Hay un estado de emergencia que no ocupa titulares, pero atraviesa cada vez más cuerpos. No hay decretos ni alertas rojas, pero las cifras de ansiedad, depresión, burnout, autolesiones crecen a niveles alarmantes.
Lo veo todos los días: en mí, en personas que conozco, en los mensajes que recibo, en los posteos de redes sociales que gritan ayuda con palabras suaves. Hay una pandemia emocional que no terminó con el COVID. Solo se transformó.
La cultura de la exigencia, de la positividad tóxica, de la meritocracia emocional nos empuja a funcionar aunque estemos rotos. A fingir energía cuando no tenemos fuerzas ni para salir de la cama. A mostrarnos resilientes cuando lo único que queremos es que alguien nos abrace y nos diga que no tenemos que poder con todo.

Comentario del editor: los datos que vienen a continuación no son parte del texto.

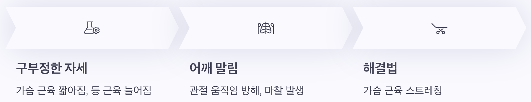 거북목과 항상 함께 찾아오는 불청객이 바로 '굽은 등', 즉 라운드 숄더입니다. 오랜 시간 구부정하게 앉아 있으면 가슴 앞쪽 근육은 점점 짧아지고 타이트해지는 반면, 등 쪽 근육은 힘없이 늘어지게 됩니다. 이렇게 앞뒤 근육의 균형이 깨지면 어깨는 자연스럽게 앞으로 말리게 됩니다.

Tengo la extraña sensación de que estamos un poco hartos de la palabra resiliencia, de que se requiere un respiro de ella. Nos la han vendido como la fórmula mágica para sobrevivir, cuando en realidad lo que muchos necesitan no es un mantra sino un descanso. Un espacio seguro para caerse, gritar, llorar, enojarse, sin ser penalizados.
Tengo la sensación de que necesitamos amigarnos con el enojo, escucharlo, transitarlo sanamente antes que nos pase por arriba y terminemos más heridos de lo que estamos.
Me pregunto: ¿tenemos derecho a parar?, ¿tenemos permiso para decir “no puedo más” sin ser juzgados, diagnosticados, apartados? ¿Por qué seguimos invisibilizando el dolor mental como si no existiera?
Quizás no haya una respuesta única. Pero escribir esto ya es una forma de declarar la emergencia. De decir “acá hay una voz”. Y de invitarte, lector o lectora, a reconocer también la tuya. Tal vez sea hora de gritar un poco y dejar de callar.